現場へ! クマ対策の最前線(2)
ツキノワグマによる農作物被害を減らして、人身被害を防ぎたい住民側と、クマを保護する立場にあった行政や大学側――。盛岡市猪去(いさり)地区でクマが大量出没した2006年、両者の立場の違いが不協和音を生んだ。
「状況を変えたのは、当時の市農政課の職員や岩手大の学生だった」と、同大の山本信次教授(56)は振り返る。
市職員たちは昼夜を問わず対応にあたり、地元と話し合いを重ね、大学や行政側との橋渡しをした。山本教授は「そこで『クマの生態保全』と地元が求める『集落の安全』という異なる目的が、里山の整備や電気柵の設置をしてクマを里に出さないことで、達成できることが共有された」と語る。
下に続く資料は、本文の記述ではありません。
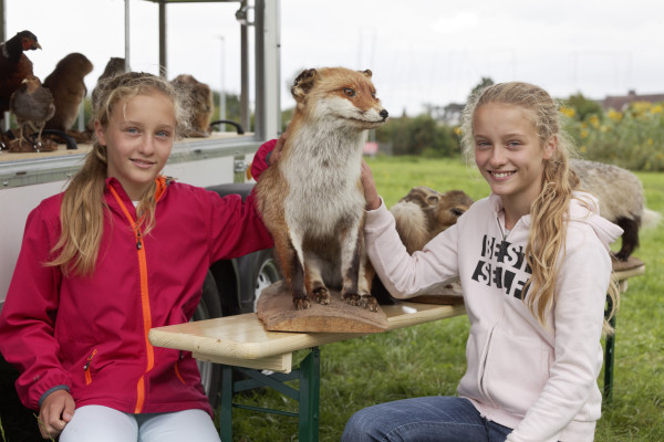 Lernen, Entdecken, Staunen - Neugier erwünscht, Anfassen erlaubt. Mit der Rollenden Waldschule der Kreisjägerschaft Lippe wird Kindern und Erwachsenen an der Stallscheune in Schwelentrup die Natur und Tierwelt näher gebracht und kann mit allen Sinnen erlebt werden.

こうして07年、地元と官学協同の取り組みが始まり、岩手大の学生は授業の一環で参加することになった。
1回目のとき、地元の参加者は8人だったが、学生たちは大型バスで参加したという。地元の人たちは奮い立ち、大勢が参加するようになった。今では年3回の草刈りが地域の恒例行事だ。
山本さんは学生たちに「我々は学ばせていただいている立場だ」と言い聞かせてきた。学生は住民と一緒に作業し、現地の苦悩を肌で感じた。やがて、学生たちは授業の一環ではなく、岩手大学ツキノワグマ研究会(以下クマ研)の活動としてより自主的に関わるようになったという。